The issue is that during the same week this rating was published, Kucinich was making the rounds on news networks suggesting President Obama has committed an impeachable offense by launching military strikes in Libya without Congressional approval.

Here he is on MSNBC, March 22, armed with his trusty pocket Constitution-



You can find more videos of Kucinich making similar claims on Bill O'Reilly and Fox's America's Newsroom amongst others. Here's a few newsworthy and significant quotes-

-"The president needs to explain to the nation why he went outside the Constitution to order this attack."

-"Congress should be called into session immediately to decide whether or not to authorize the United States’ participation in a military strike. If it does not, the action of the President is contrary to U.S. Constitution."

-"It would appear on its face to be an impeachable offense..."

-"He didn't have Congressional authorization, he has gone against the Constitution..."

-"[Obama] knows clearly that he has not complied with the Constitution. And that's a very serious matter because he's using the ultimate authority of a president."

All fun stuff! And every one of those statements meets PolitiFact's criteria for being chosen-



One can only imagine the sky high stack of emails sent to PolitiFact that asked-
"I was watching the House Oversight and Government Reform Committee hearing on Federal Government Spending Oversight and was wondering if it's true that none of the budget items selected to be cut in the GOP plan were identified by the Government Accountability Office as having a high risk of waste, fraud and abuse? Do you mind checking this out?

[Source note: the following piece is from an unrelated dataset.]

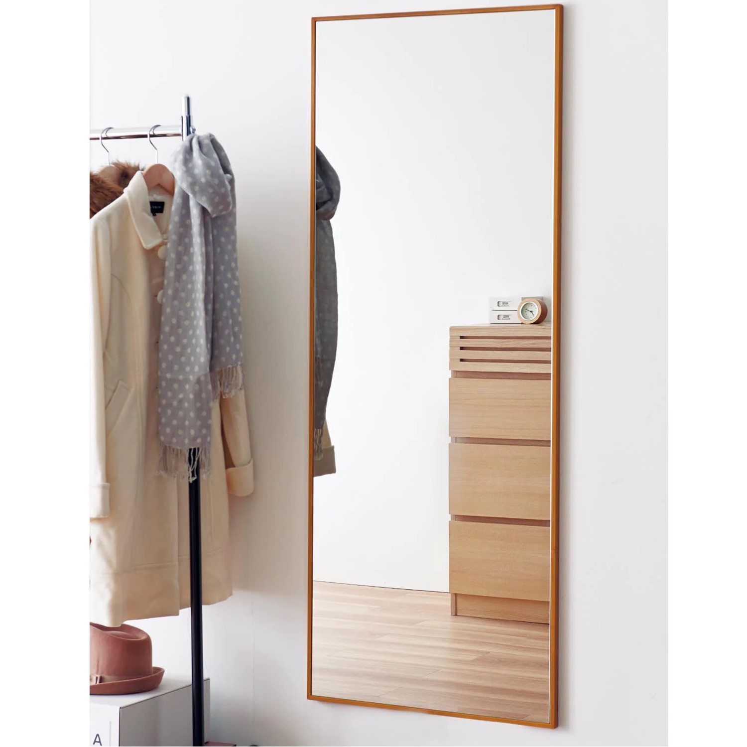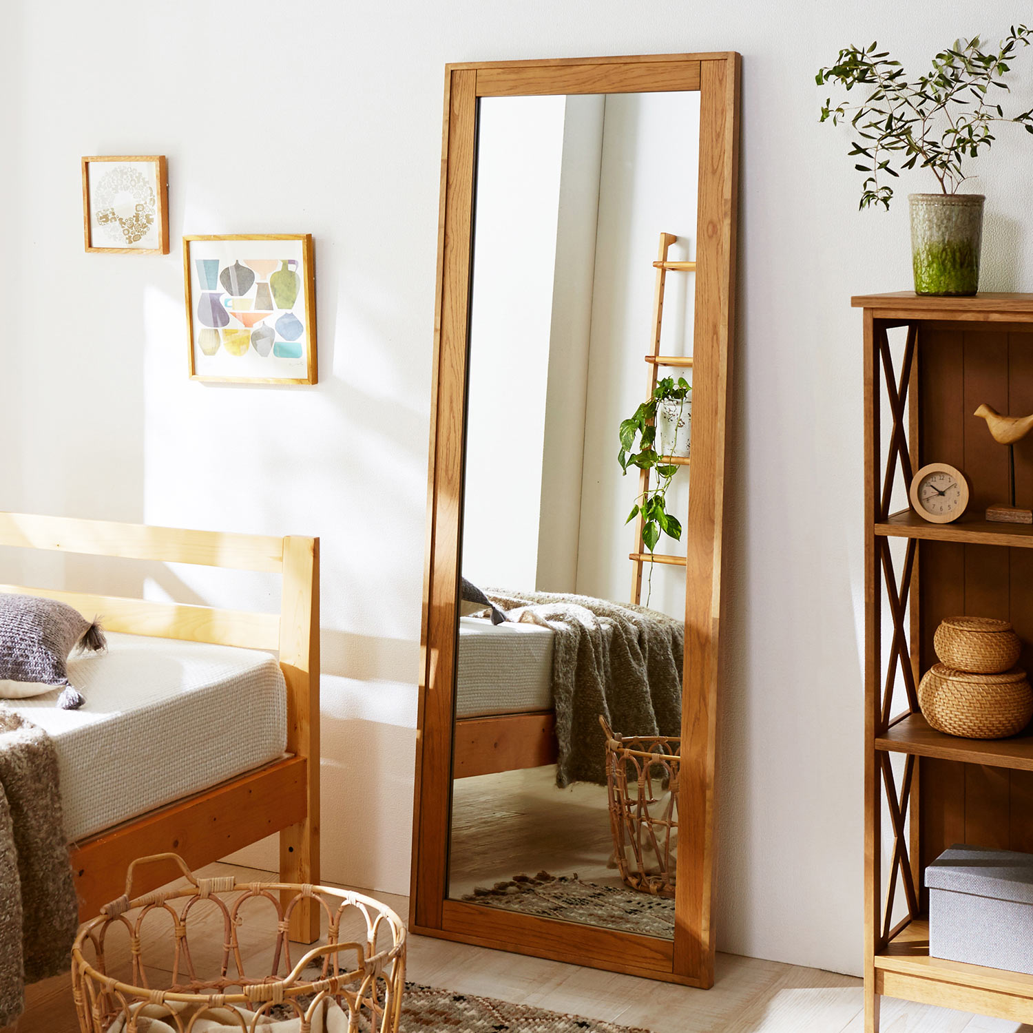 【ベルメゾン】パイン材のスタンドミラー 天然木パイン材の木目の美しさを生かしたスタンドミラー。細みのフレームで重くなりすぎず、シンプルで圧迫感のないルックスが魅力です。 税込 11,900〜13,900円 |
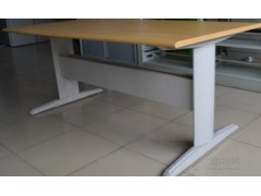 规格:2000㎜×1000㎜×760㎜,桌面采用25㎜厚聚木 屑板耐磨防火板弯曲贴面;桌架采用1.2㎜钢板模具冲折成型。表面经酸洗磷化,全封闭静电喷涂。

I've heard a lot of people repeating this claim."
The amount of readers asking if Kucinich was being accurate when he very publicly and repeatedly accused the Commander in Chief of violating the United States Constitution by unilaterally engaging in a very unpopular and violent military action, and therefore may be subject to impeachment, was apparently nil.

The truth is that PolitiFact isn't rating the obvious Kucinich blurb because it would force them to confront an issue that reflects poorly on Obama.

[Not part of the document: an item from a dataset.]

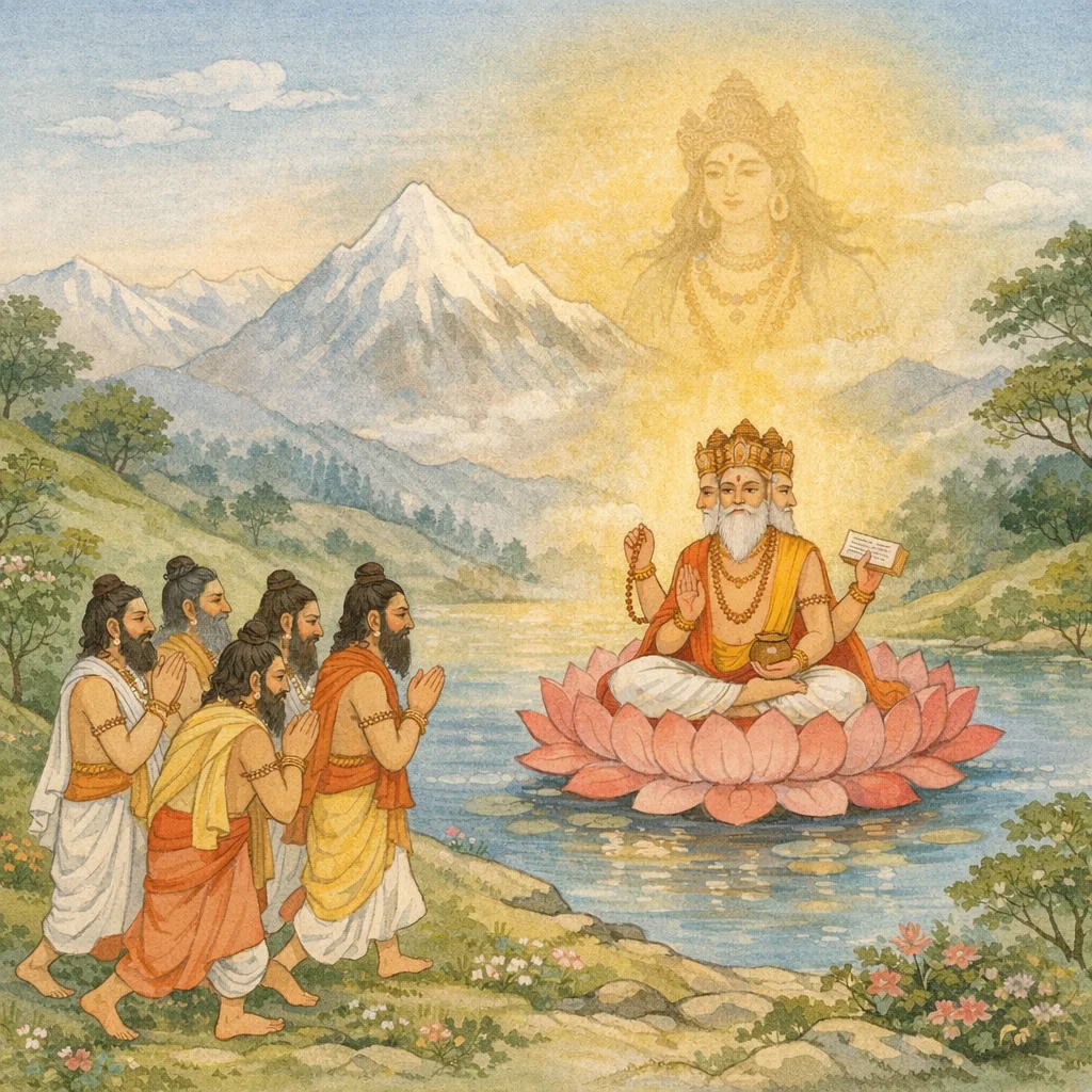 All the divine seers went to the wondrous and delightful peak of Mount Meru, where Brahmā, the sovereign lord, was abiding—desiring to know the true principle (tattva) with right discernment.

To be fair, PolitiFact did acknowledge Obama's Flip-Flop on the Libya issue. As a candidate he said-
"The president does not have power under the Constitution to unilaterally authorize a military attack in a situation that does not involve stopping an actual or imminent threat to the nation."
They gave him a Full Flop, but even that rating is couched in tu quoque justifications. And the fact is flopping on an issue is an irrelevant and much less serious charge than violating the supreme law of the land. Politicians flop on all kinds of issues all the time. Obama is no different, and by calling him on a flop they're not really "sorting out the truth" of anything. But violating the Constitution and committing an act that rises to the level of impeachment is a serious offense. Why the silence?

What this teachable moment has exposed is that PolitiFact's bias isn't always as obvious as simply picking more statements on the left or the right or rating one group more harshly than the other. Their bias is evident in the specific claims and specific people they choose to rate as well as the things they choose to ignore.

Subtle bias can be far more destructive than obvious campaigning. PolitiFact's dishonesty is especially damaging because of their fraudulent non-partisan, objective, truth seeking monicker. The truth is that PolitiFact is nothing more than cleverly labeled propaganda. The evidence is clear to see once you look at what they aren't checking as much as what they are.